Голоса из телевизора начинают затихать, а я вдруг Вижу весь этот бардак и хаос, о котором они говорят. И все это набирает силу, как мощный музыкальный фрагмент в конце какой-нибудь киношной автомобильной погони, когда все скрипки, трубы и барабаны оркестра визжат, воют и грохочут так, что твои нервы натягиваются, как струны, и ты стискиваешь подлокотники кресла побелевшими от напряжения пальцами.

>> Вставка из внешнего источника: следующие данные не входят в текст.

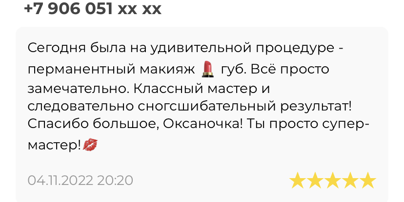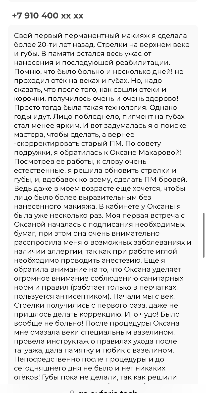 Сделала более 3000 процедур перманентного макияжа с 2009 года, работаю в техниках любой сложности: "пудровое напыление", "волоски"

Мои глаза закрыты, но я Вижу, что происходит по всей этой гребаной стране. И я чувствую запах: вонь, поднимающуюся над старушкой Англией, — отвратительный чад горящей резины и горящих автомобилей с разбитыми стеклами, из-под которых начинает выбиваться огонь. Сейчас там темно, но города освещены оранжевым заревом. Оранжевый свет идет от уличных фонарей и светофоров на дорогах, оранжевый свет идет от языков пламени, танцующих на стенах подожженных зданий. Витрины магазинов разбиты, и в них, как крысы, бегают туда-сюда люди, ворующие все, что попадется под руки. Полицейские вертолеты кружат в воздухе, освещая ярким белым светом людей, суетящихся на улицах и ныряющих в магазины. И из своих вертолетов полицейские кричат через мегафоны: «Оставайтесь на месте, не двигайтесь!» и тому подобное. Но на них никто не обращает внимания, а некоторые даже останавливаются и, ухмыляясь, показывают полиции средний палец, как бы говоря: «Отвалите, гребаные копы!»

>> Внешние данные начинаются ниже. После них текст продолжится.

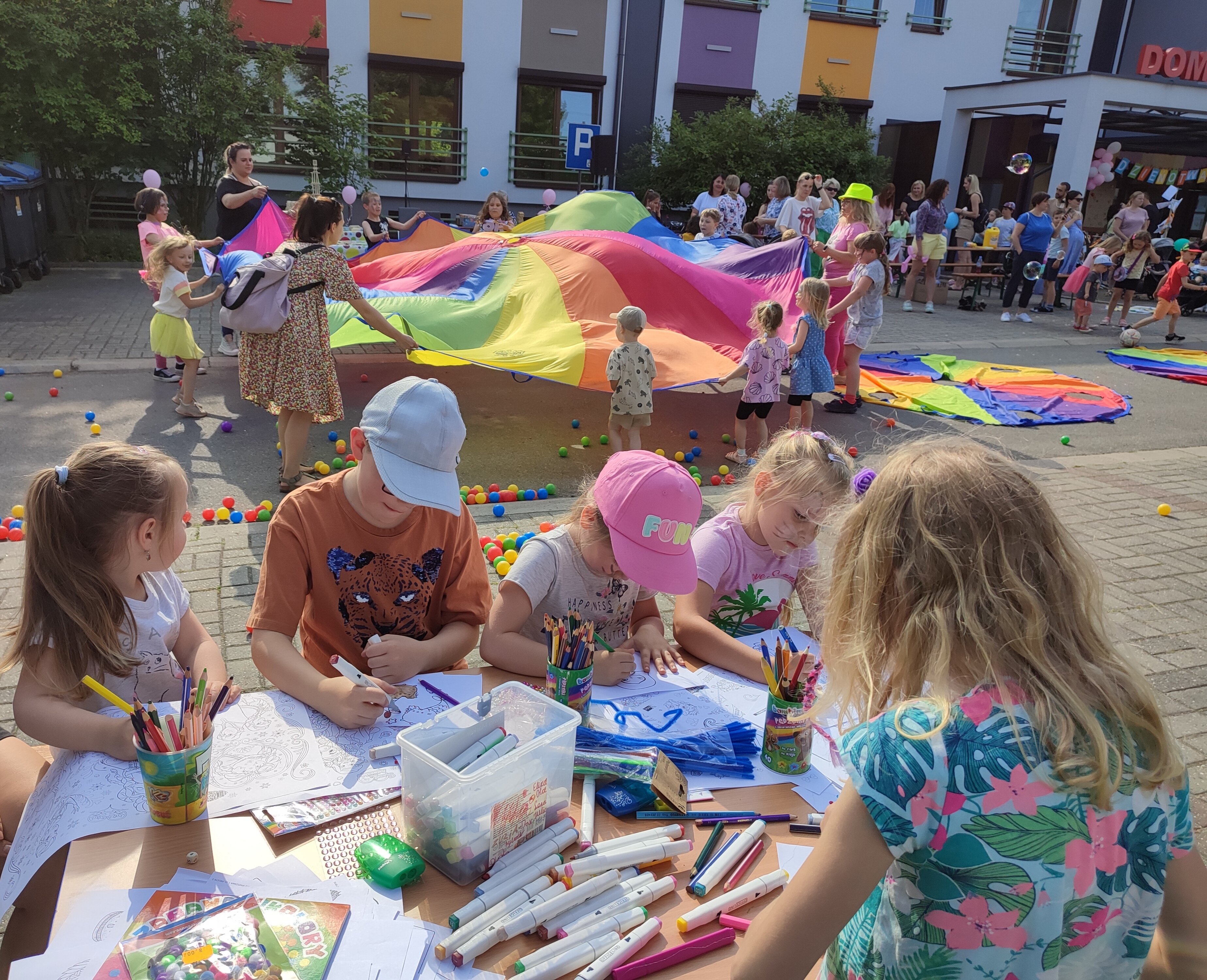 W popołudniową środę 31 maja 2023 r. w Świetlicy Różowe Okulary mieszczącej się w Osiedlowym Domu Kultury na otwartych zajęciach spotkały się dzieci wraz z rodzicami. Ponieważ pogoda tego dnia dopisała, część aktywności odbyła się na świeżym powietrzu.Dzieci oraz młodzież miały okazję skorzystać z długopisów 3D, programować roboty, uczestniczyć w zajęciach z dogoterapii, puszczać gigantyczne bańki, przeciągać linę, malować twarze czy lepić slimy.Rodzice natomiast mogli skorzystać z konsultacji z psychologiem oraz logopedą.Przypominamy, że Świetlica Różowe Okulary mieści się w Pawłowicach przy ulicy Wojska Polskiego 11.

Разъяренные толпы громят все подряд — магазины, рестораны, бензоколонки. Растут толпы вокруг домов, где, как считают люди, живут всякие странные личности и извращенцы. И эти толпы растут за счет тех, кто чует всю эту почти электрическую напряженность в воздухе, кто обожает волнения и беспорядки. Они вышли на улицы, чтобы воровать, громить, избивать. Они пытаются опрокинуть полицейские фургоны, они поджигают машины на стоянках, они бьют окна только потому, что под рукой оказываются камни, а на глаза попадаются окна, в которые их можно бросить.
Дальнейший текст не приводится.